One of the aspects that is sometimes overlooked is the impact of academic ability on people's prospects in life. People do not start from the same base level of ability. Comparing children from similar backgrounds, it is evident from a young age that all children develop at different rates and have different ways of thinking. "Good" schools will support all children to develop their abilities and learn at their own pace. However, even then, some of them will be able to achieve far better results and show a more natural aptitude for certain academic subjects.
It is those children (who have had a combination of support at home and school, as well as having some natural academic ability) who will tend to go on to the best universities and most intellectually demanding careers. Many of those careers really do pay more because there is only a small number of people with the education and aptitude to do them to the highest levels.

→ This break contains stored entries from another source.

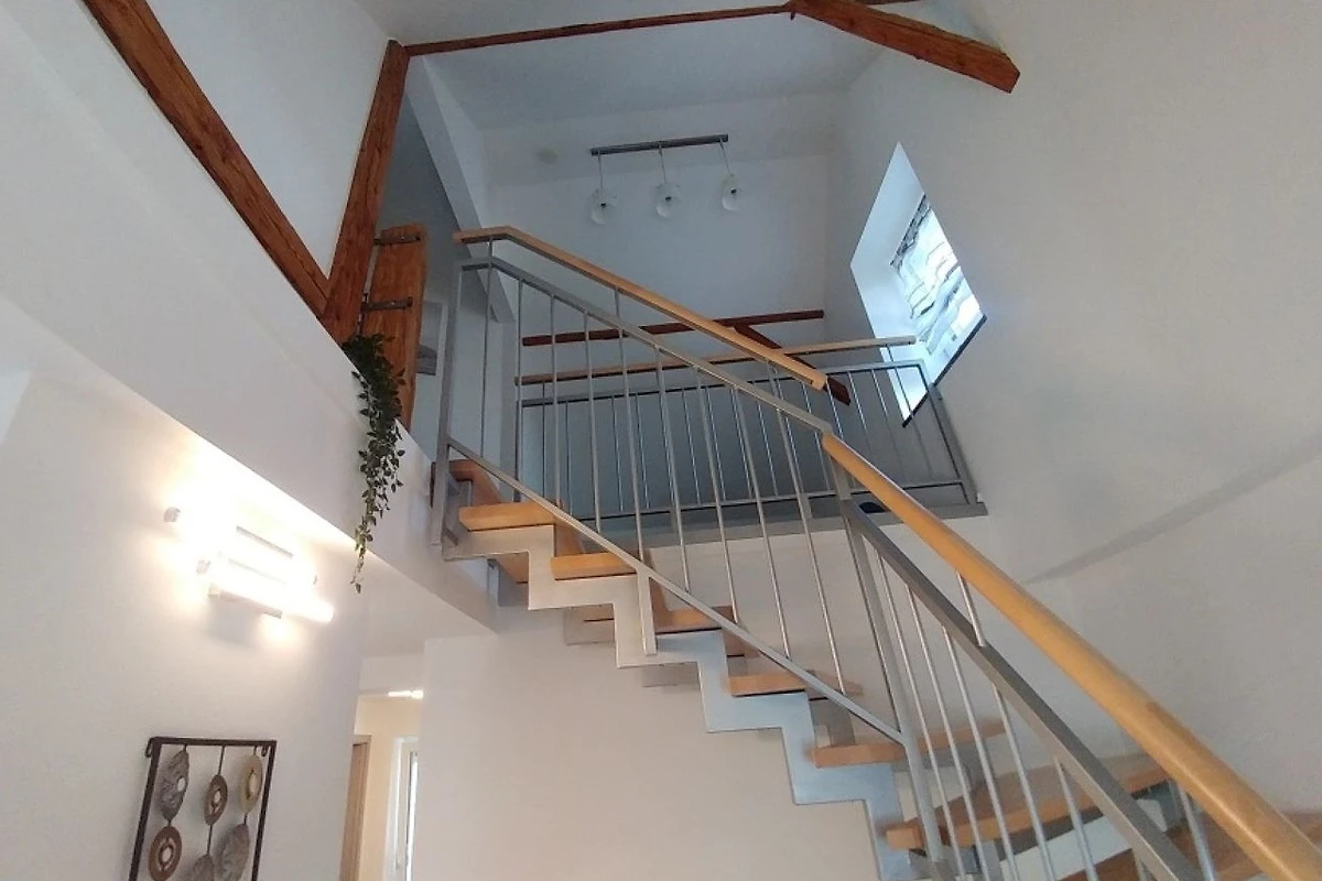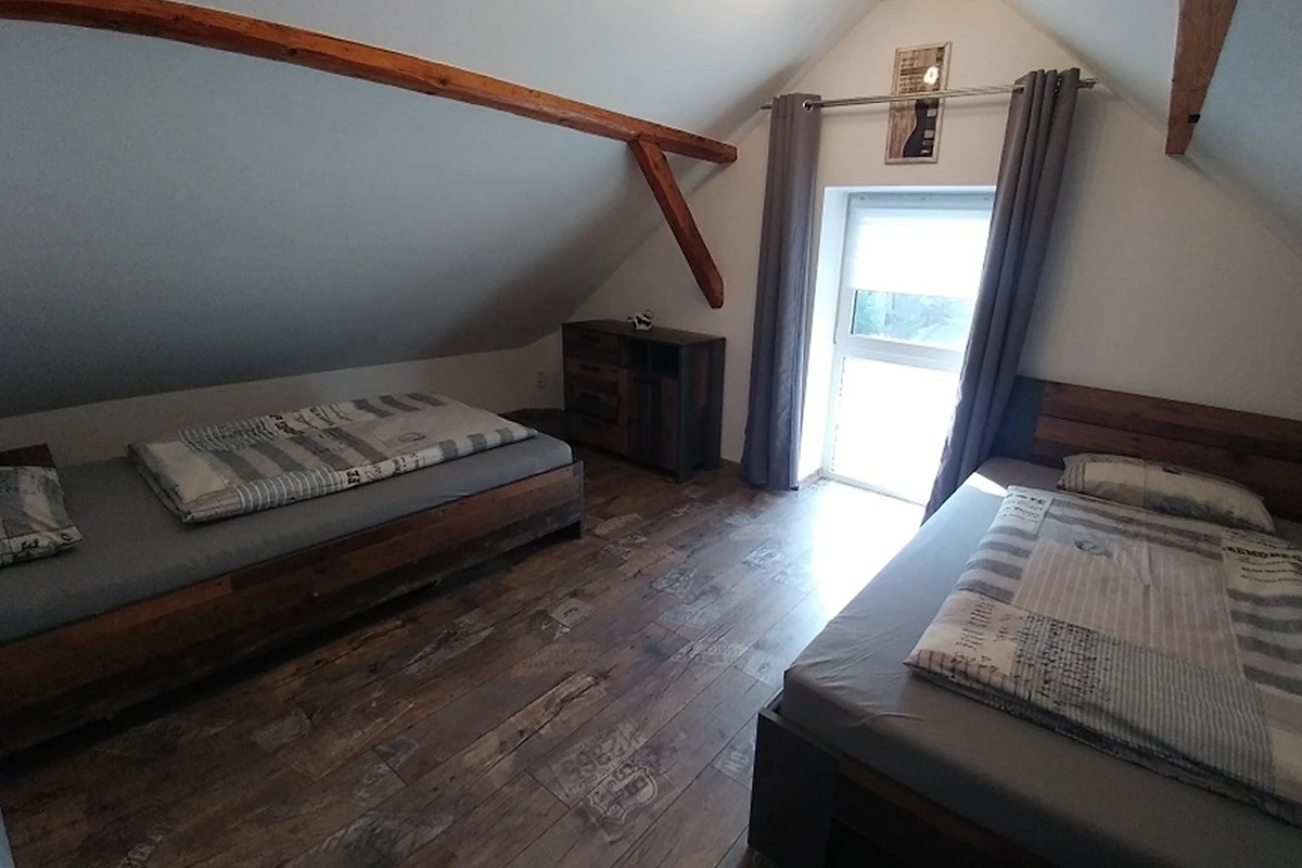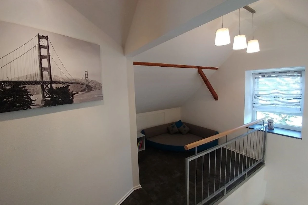 In der 2 Etage befindet sich ein weiteres Schlafzimmer mit einem Einzelbett 1,2m x 2m und einem französischen Doppelbett 1,4m x 2m und eine Chill-Ecke mit 2 Zustellbetten wenn es mal mehr Personen sein sollten.
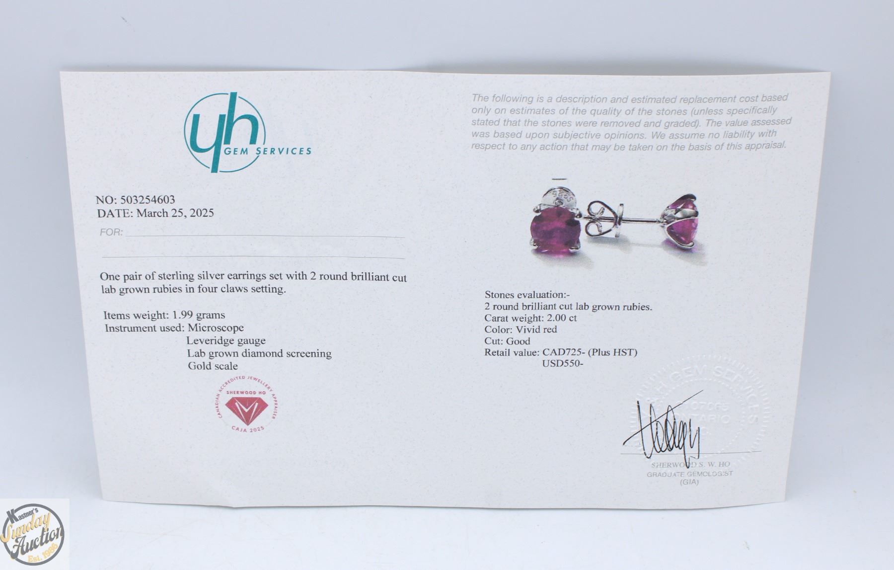 LAB GROWN RUBIES VIVID RED COLOR SET IN 4 CLAW V HEAD SET IN 925 SILVER EARRINGS RETAIL VALUE $725.00 **ALL ITEMS MUST BE REMOVED BY 5PM SATURDAY, NOVEMBER 8th 2025. ALL REMAINING ITEMS WILL BE SUBJECT TO A $6.00 PER DAY STORAGE CHARGE. ANY ITEMS REMAINING AFTER MONDAY, NOVEMBER 24TH 2025 WILL BE CONSIDERED FORFEITED. NO REFUNDS WILL BE ISSUED FOR FORFEITED ITEMS. TO SCHEDULE A PICK UP APPOINTMENT CLICK HERE
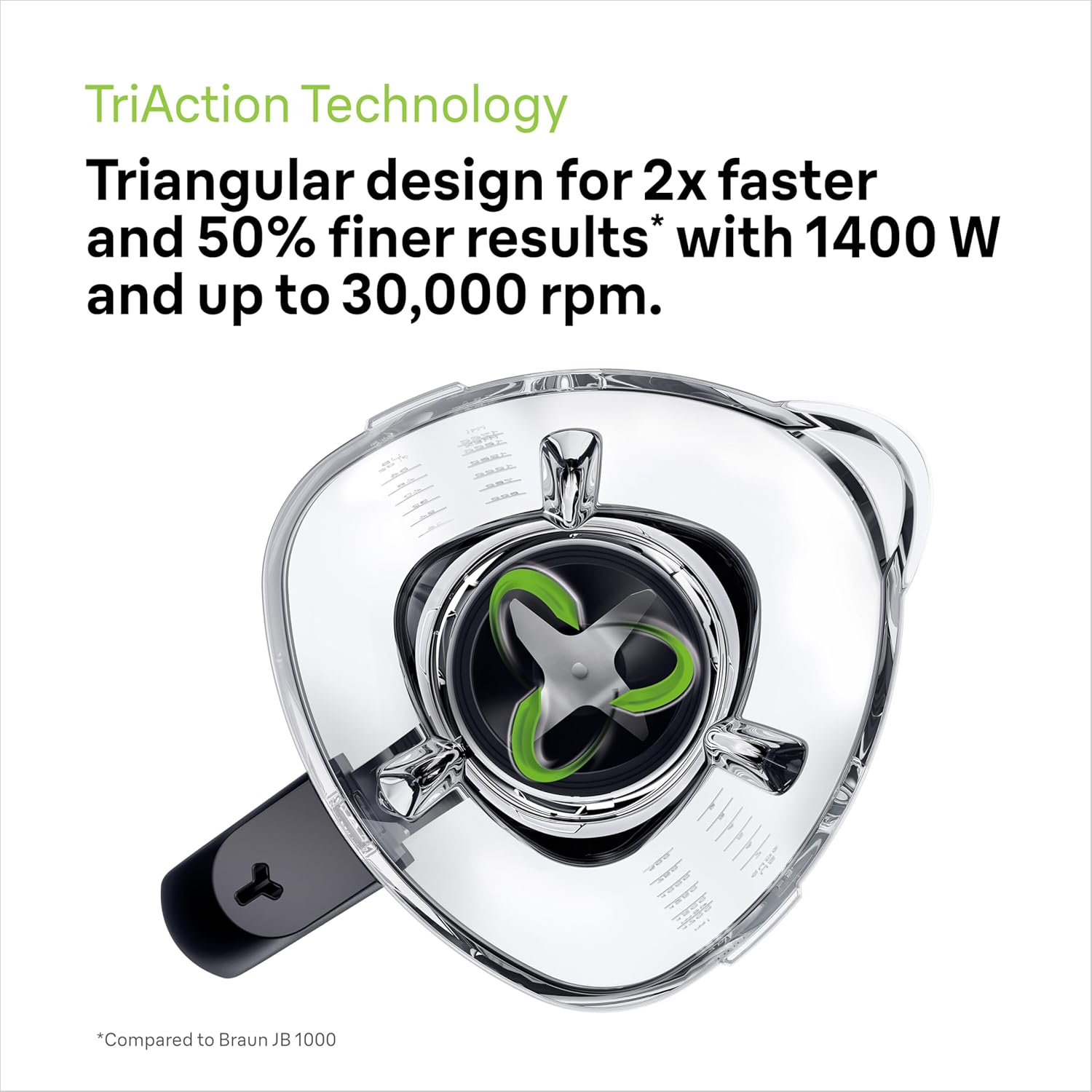 - تقنية ثلاثية المفعول: تمزج جميع أنواع الطعام، بفضل الإبريق الثلاثي، لا توجد بقع عمياء ويتم إرجاع المكونات بشكل أسرع إلى منطقة الخلط.
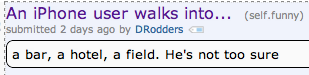 A twist on the “So and so walks into a bar” joke (via reddit):
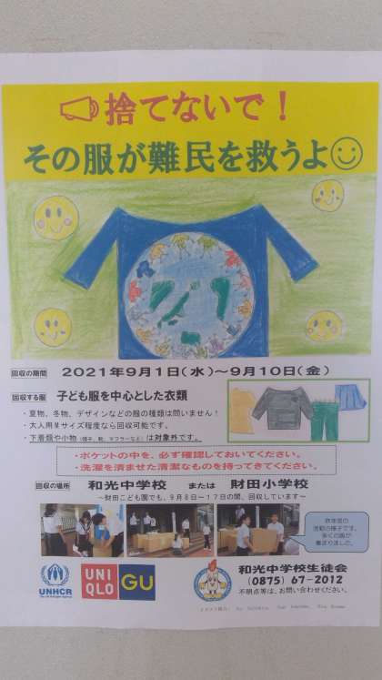 9月17日まで延期します。 家に着なくなった服がある人は、ぜひ持ってきてください。 ご協力、お願いします。
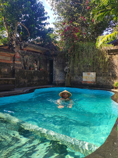 Great location in central Ubud, near the markets which are bustling during the day but are dead silent at night. The outside area is very beautiful and authentic. We had hot water and decent shower pressure. Cheap, we paid £14 a night for bed & breakfast (we didn’t try the breakfast as we wanted to vacate our room as early as possible)
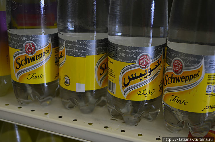 В Тунисе есть государственная сеть условно «супермаркетов» с удобным названием «дженерал». Вполне нормальный магазин. Внутри… наверно как наша бюджетная сеть «фамилия» со всякой недорогой мелочевкой только еще с продуктами. Фотографировать там почему-то оказалось нельзя. Зато смотрите, как красиво написано «швепс». Русское написание этого слова самое примитивное что ли. Родной тоже вполне витиеват, но арабской вязью – самый красивый вариант.
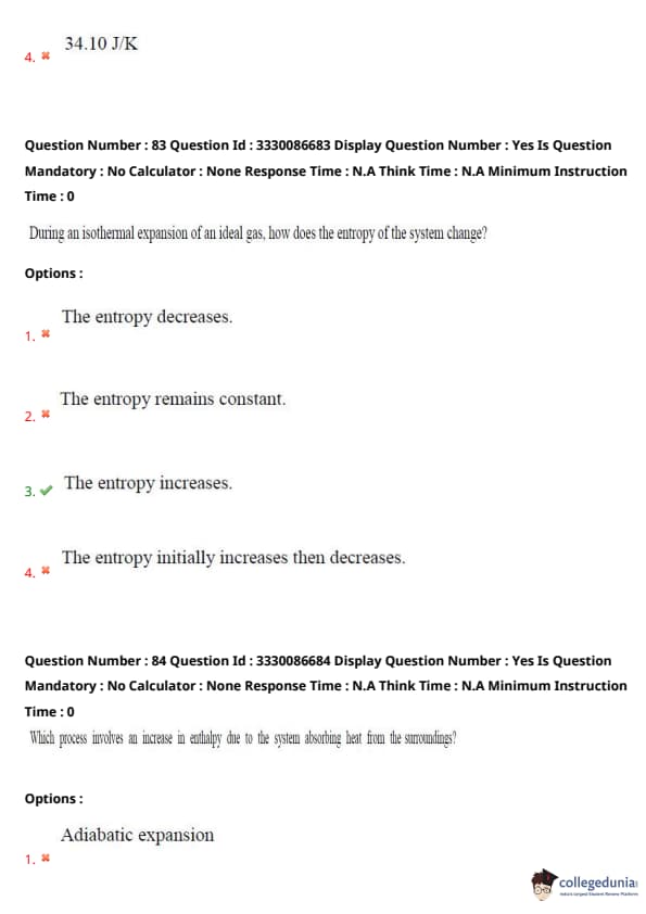 Question 83: During an isothermal expansion of an ideal gas, how does the entropy of the system change?
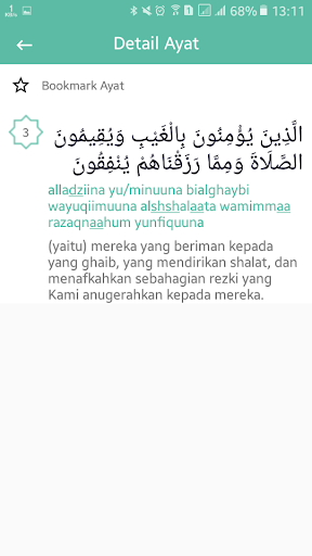 Di aplikasi ini ada fitur untuk menyimpan setiap ayat alqurannya loh yaitu fitur bookmark ayat,
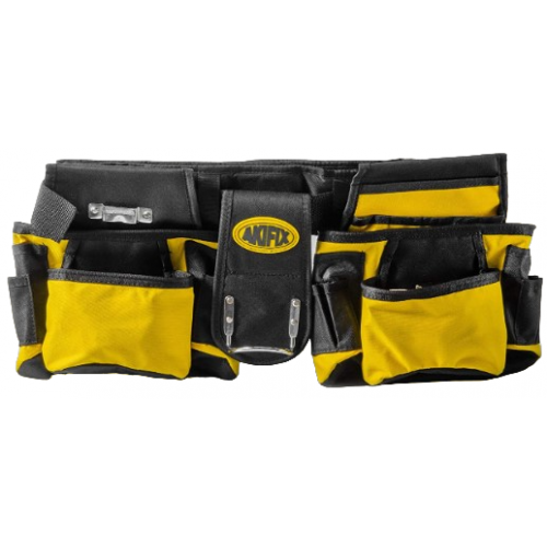 Dvodelni pas za orodje Akifix iz tekstila, ima 6 žepov, 8 manjših žepov za vijake, kovinsko zanko za kladivo.

There are plenty of children (particularly in less academic private schools) who have been given all the same advantages, but who are not capable of thinking and performing in the way that is needed for some professions. They are the ones who tend to use family contacts / money in order to set themselves up in privileged careers but not necessarily ones where they will earn huge salaries.
At the other end of the scale are children who have had massive disadvantages that mean that they are already behind academically by the time they start school at 5. No matter their "natural ability", those children will always find it harder to catch up and to compensate for their school or home life. Some manage to do it, but many potentially brilliant minds are lost.
I think that a lot of the people who see themselves as deserving of their high paid careers are the ones in the first category above - they compare themselves to their similar circle of peers and conclude that, because they have always been the highest achievers and possibly worked harder in exams etc throughout their lives, they are deserving of their success. Even if they appreciate that there are huge numbers of people who were born with the same "natural" ability, they might think that certain disadvantages can't be compensated for at the stage of university or when starting a career. The number of "lost" brilliant minds means that there is a smaller number of people capable of doing certain jobs, and therefore the inequality becomes increasingly entrenched.